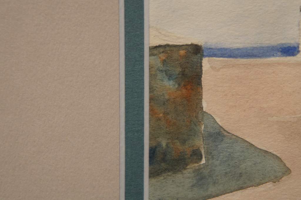 Vintage Meriel 1967 Watercolor Painting Landscape Windmills Figure hYDRA Greece
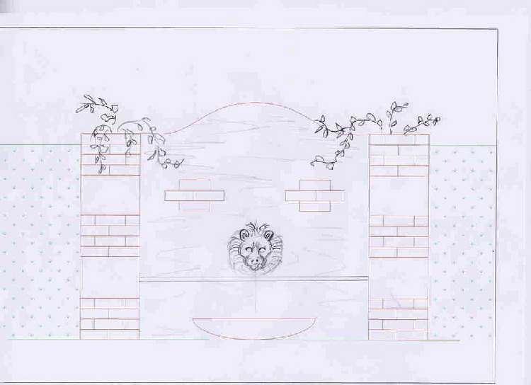 L’idée d’une fontaine m’est venue en réfléchissant au moyen de masquer mes trois bidons pour mon filtre. La largeur a donc était faite en fonction de la future filtration; j’ai donc dessiné un plan de fontaine adossée à un mur.
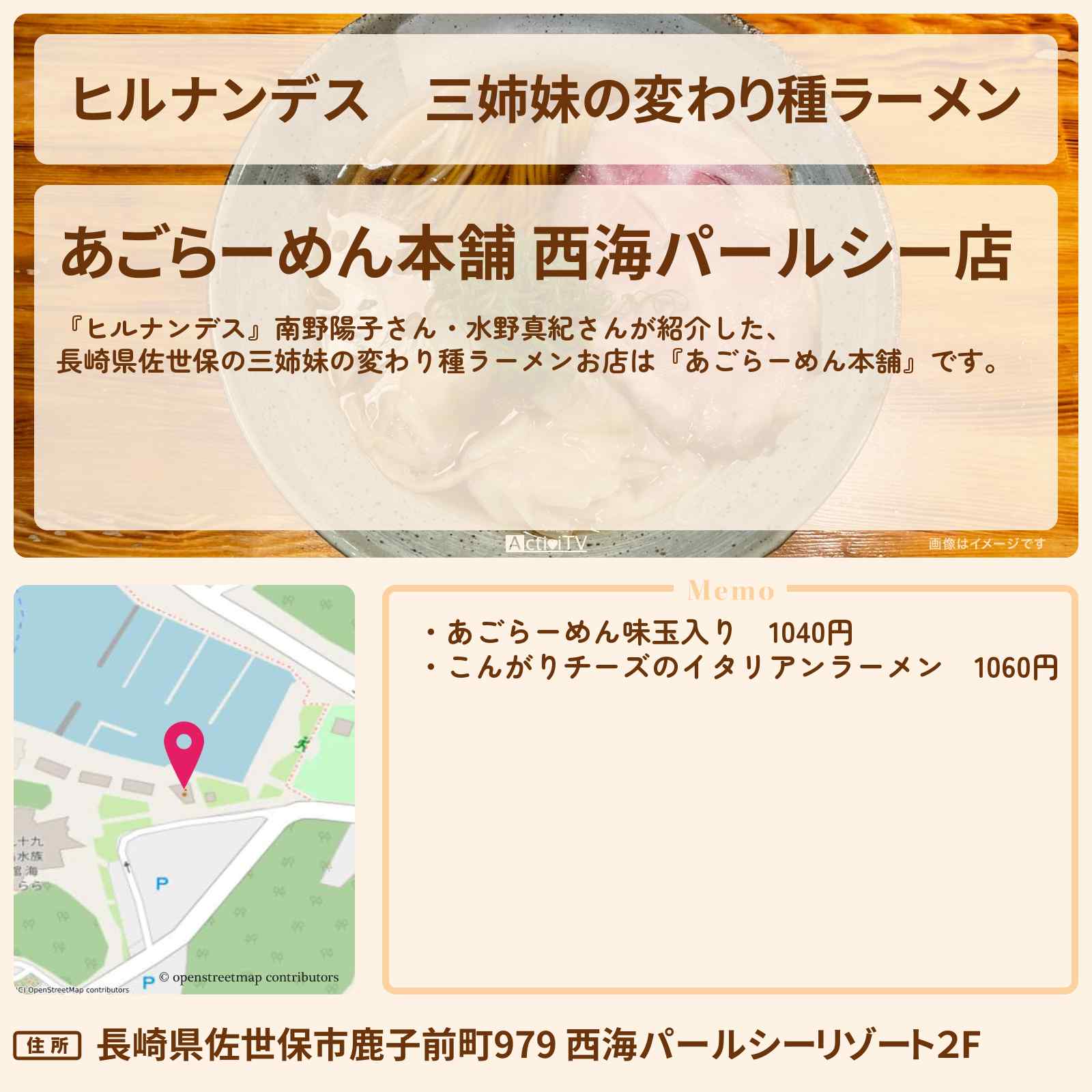 三姉妹の変わり種ラーメン 大学駅「あごらーめん本舗 西海パールシー店」
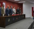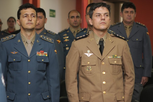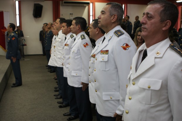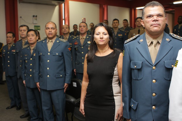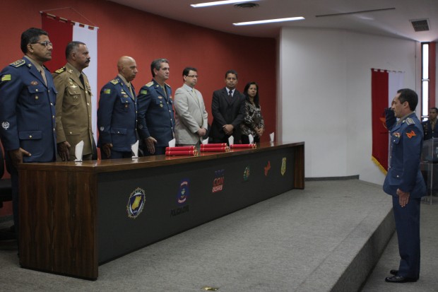 Compuseram a mesa da Solenidade, o Comandante Geral do CBMGO, Coronel Carlos Helbingen Júnior, o Subcomandante Geral do CBMGO, Coronel Divino Aparecido de Melo, o Subcomandante da Polícia Militar, Coronel Jurai Alves de Sousa, o Comandante de Comando de Ensino, Coronel Leônidas Eduardo Dias, a Superintendente de Polícia Técnico-Cientifica, Rejane da Silva Barcelos, e o Chefe de Gabinete da SSP, Dr. Rogério Santana Ferreira.
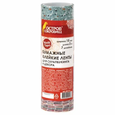 Клейкие WASHI-ленты для декора 'Микс №1', 15 мм х 3 м, 7 цветов, рисовая бумага, ОСТРОВ СОКРОВИЩ, 66
◆ ◆ ◆ ◆ ◆
Print the whole listing above once more, word for word, without its pictures.

 Vintage Meriel 1967 Watercolor Painting Landscape Windmills Figure hYDRA Greece
 L’idée d’une fontaine m’est venue en réfléchissant au moyen de masquer mes trois bidons pour mon filtre. La largeur a donc était faite en fonction de la future filtration; j’ai donc dessiné un plan de fontaine adossée à un mur.
 三姉妹の変わり種ラーメン 大学駅「あごらーめん本舗 西海パールシー店」
 Compuseram a mesa da Solenidade, o Comandante Geral do CBMGO, Coronel Carlos Helbingen Júnior, o Subcomandante Geral do CBMGO, Coronel Divino Aparecido de Melo, o Subcomandante da Polícia Militar, Coronel Jurai Alves de Sousa, o Comandante de Comando de Ensino, Coronel Leônidas Eduardo Dias, a Superintendente de Polícia Técnico-Cientifica, Rejane da Silva Barcelos, e o Chefe de Gabinete da SSP, Dr. Rogério Santana Ferreira.
 Клейкие WASHI-ленты для декора 'Микс №1', 15 мм х 3 м, 7 цветов, рисовая бумага, ОСТРОВ СОКРОВИЩ, 66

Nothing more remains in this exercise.